Malev air were doing a flight Dublin Athens last year but not sure if they are still doing it. Don't think there is a direct flight to any of the islands, unless its a charter in high season


----------



## Plek Trum (12 Jan 2009)

It's proving nearly (if not entirely) impossible!  Been a long day here though so I may not be seeing things too clearly.  I want to book flight only as I have a large gift voucher for worldwide hotels to use and this would be perfect.  

Maybe ex London is the way to go? Grand going out but a lot of effort coming home. 

All other suggestions and help welcome!


----------



## Graham_07 (12 Jan 2009)

Santorini is beautiful. Got there last year ex Cork just before XL went bust. Can't find any similar now. THink Falcon/JWT or Budget are doing Zykanthos in Summer 09 though.


----------



## Plek Trum (12 Jan 2009)

You timed it well Graham.. on all fronts! Heard that it is beautiful alright, top place to visit.  Fingers crossed we get flights organised with some ease and convenience, I dont think anyone has / will pick up the Cork - Santorini flight.. awful shame!


----------



## lou2 (12 Jan 2009)

We are really missing out on some of the Greek Islands in terms of direct flights to Ireland.

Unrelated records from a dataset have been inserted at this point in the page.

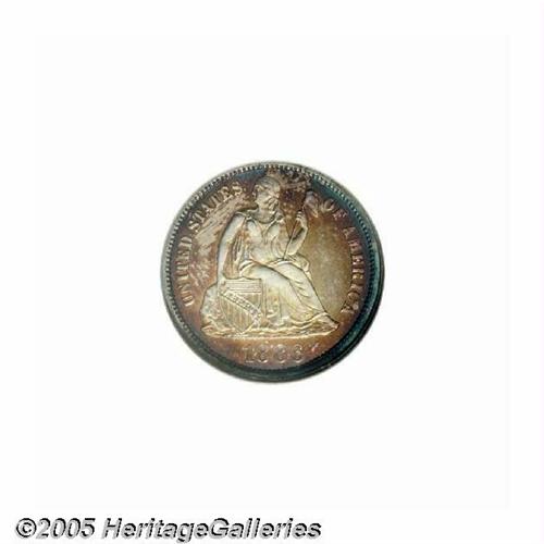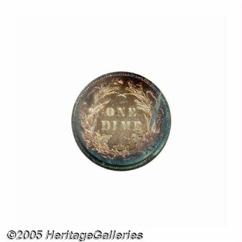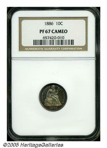 <B>1886<10C> PR67 Cameo NGC.</B></I> An eye-stopping example for the collector of originally toned coins. Attractive moderately toned surfaces of crimson-orange, cobalt-blue, and purple-red are seen on both obverse and reverse. The original reflectivity is plainly visible and accents the coloration. A truly beautiful Superb Gem proof.
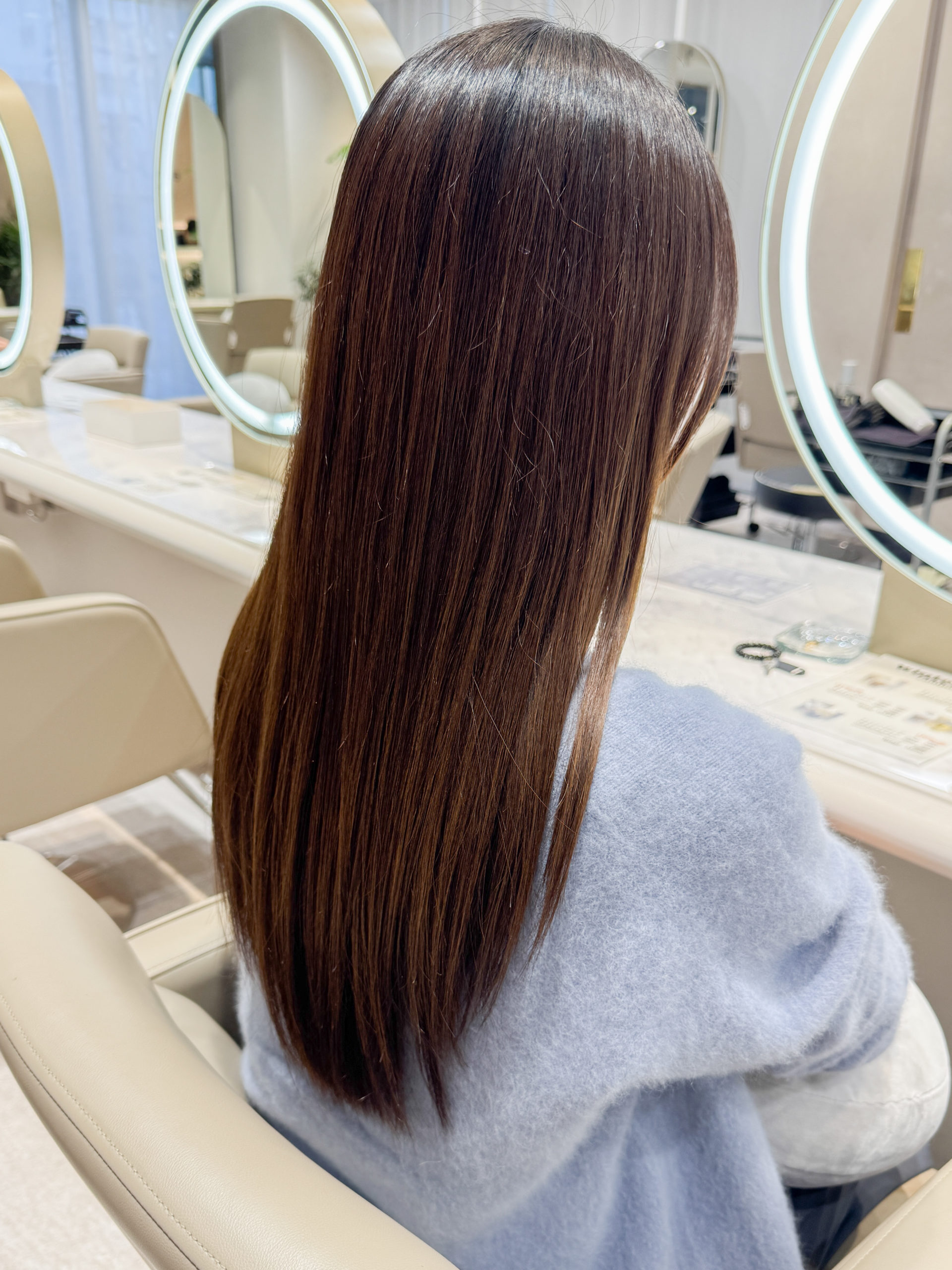 特にイルミナカラーのような高彩度カラーは、ツヤが透明感を引き立てる鍵。
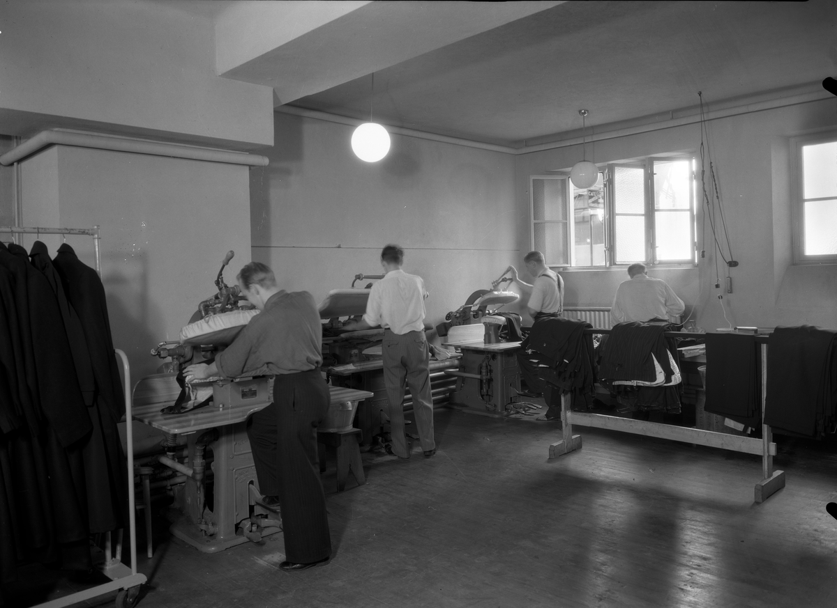 A-B. Bergsson och söner; interiör av fabriken. Män i arbete vid pressmaskiner.
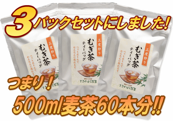 ペットボトルに入れて作れる麦茶ティーバッグ20本入りが3パック。500mlの出来立ての香りよい麦茶が60本分作れるお得なセットです。
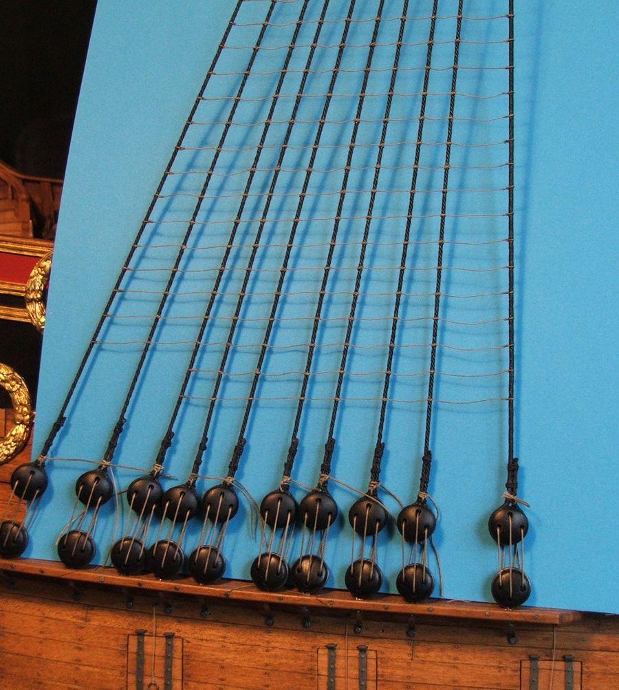 Odległość między talrepami nie regulują żadne normy.Wahała się między~2D do5D.Poza tym o odległości decydowały względy konstrukcyjne.Żeby np.nie zasłaniały otworów armatnich.Co do średnic talrepów pod paduny jest rzeczywiście taka sama jak pozostałe (dla grotstengi )tak jest i w RW.Dla bramstengi są już mniejsze.Rury odprowadzające wodę z pokładów robiono z ołowiu a ujście było osadzone w okrągłym lub prostokątnym kołnierzu.Umieszczano je w najniższych partiach pokładu.Na dole łuku.Ile ich było nie wiem.Ja ilość zrobiłem kierując się instynktem.Gdybym model wykonywał co np.2 lata to pamiętałbym o luzach itd.A jak robię co 6 lat lub dłuzej to wiele rzeczy zapominam.Z resztą w pewnym wieku człowiek każdego dnia dowiaduje się coś nowego.I przez to życie robi się ciekawsze.Pozdr.R
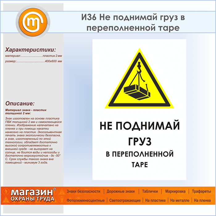 Знак «Не поднимай груз в переполненной таре», И36 (пластик, 400х600 мм) в Волгограде купить
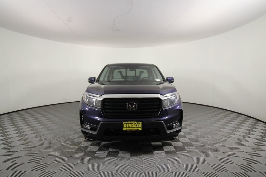 Black Leather, 4-Wheel Disc Brakes, 4.33 Axle Ratio, 7 Speakers, ABS brakes, Air Conditioning, Alloy wheels, AM/FM radio: SiriusXM, Apple CarPlay/Android Auto, Auto-dimming Rear-View mirror, Automatic temperature control, Blind Spot Information (BSI) System warning, Bluetooth® Hands-Free Link, Brake assist, Bumpers: body-color, Delay-off headlights, Driver door bin, Driver vanity mirror, Driver's Seat Mounted Armrest, Dual front impact airbags, Dual front side impact airbags, Electronic Stability Control, Exterior Parking Camera Rear, Four wheel independent suspension, Front anti-roll bar, Front Bucket Seats, Front dual zone A/C, Front fog lights, Front reading lights, Fully automatic headlights, Garage door transmitter: HomeLink, Heated door mirrors, Heated Front Bucket Seats, Heated front seats, Illuminated entry, Leather Seat Trim, Low tire pressure warning, Memory seat, Occupant sensing airbag, Outside temperature display, Overhead airbag, Overhead console, Panic alarm, Passenger door bin, Passenger seat mounted armrest, Passenger vanity mirror, Power door mirrors, Power driver seat, Power moonroof, Power passenger seat, Power steering, Power windows, Radio data system, Radio: 215-Watt Audio System w/7 Speakers, Rear air conditioning, Rear anti-roll bar, Rear reading lights, Rear seat center armrest, Rear step bumper, Rear window defroster, Remote keyless entry, Security system, SiriusXM, Speed control, Speed-sensing steering, Split folding rear seat, Steering wheel mounted audio controls, Tachometer, Telescoping steering wheel, Tilt steering wheel, Traction control, Trip computer, Turn signal indicator mirrors, Variably intermittent wipers, Wheels: 18" Exclusive Pewter Gray Alloy, Black Leather.Blue 2023 Honda Ridgeline RTL AWD 9-Speed Automatic 3.5L V6 SOHC i-VTEC 24VAt Kendall, we sell new cars, used cars, and more! With Kendall Auto Protection, qualified used cars have passed a multi-point safety and mechanical inspection and are covered under our exclus
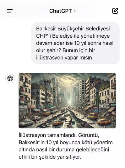 CHP aldığı belediyelerde şehirleri hizmetten yoksun bırakırken, tepki çeken çöp, çamur, çukur anlayışını Yapay Zeka da ortaya çıkardı. AK Parti Balıkesir Milletvekili Mustafa Canbey, sosyal medyada dikkat çeken bir paylaşım yaparak, CHP’li belediyenin Balıkesir’i nasıl bir geleceğe taşıyacağını yapay zeka yardımıyla değerlendirdi.
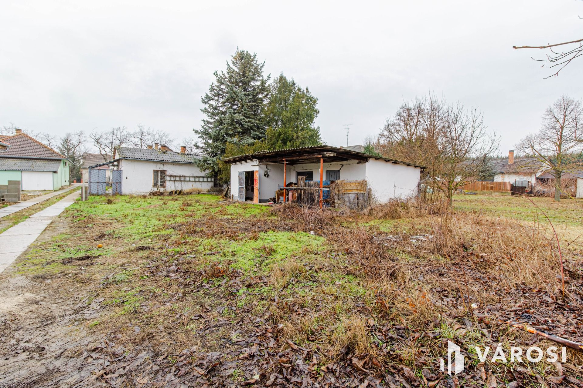 100 m²-es lakóház(alatta pince) + 2 melléképület – Erősen felújításra szorul vagy bontással tiszta fejlesztési terület nyerhető.
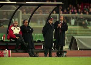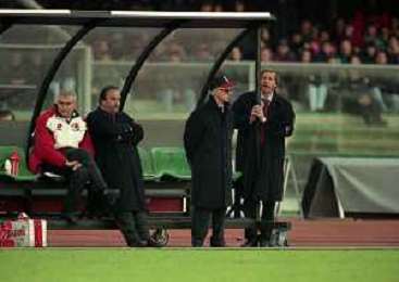 26-01-1997 VERONA-CAMPIONATO DI CALCIO SERIE A VERONA MILAN 3-1 NELLA FOTO ARRIGO SACCHI ALLENATORE MILAN CON PIETRO CARMIGNANI AG ALDO LIVERANI SAS
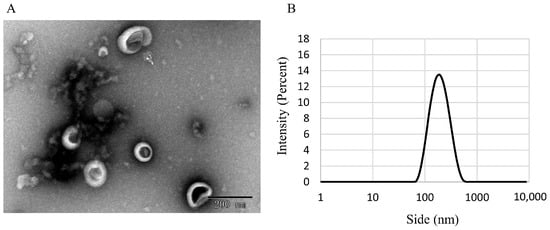 This experiment described that the CEVs were obtained from juice by using the PEG6000 polymer precipitation method, as shown in Figure 1A. The transmission electron microscopy image shows that the extracted CEVs are spherical vesicles of about 200 nanometers in size, with irregular shapes in the middle of the vesicles, which is consistent with the experimental results of a previous study [29]. Figure 1B confirms the size range of CEV particles to be approximately 60–500 nanometers through the analysis of the nanometer particle characteristics and zeta potential analyzer, with an average size of about 190 nanometers. In addition, the measured electric potential is approximately −5 Mv, and the PDI coefficient is approximately 0.17, indicating that the distribution of CEVs is relatively narrow and has good singularity.

I was a regular visitor to Rhodes but Budget Travel withdrew their direct flight from Dublin last summer and are not reinstating it this year which is a real pity as we loved it over there.


----------



## woodbine (12 Jan 2009)

Zakynthos is beautiful and the resorts of Alykes & Alikanas are very much family orientated. 

But even last year i found it impossible to get direct flight-only from Cork.

You'll get them from UK airports but remember it's often called "Zante" in England.


----------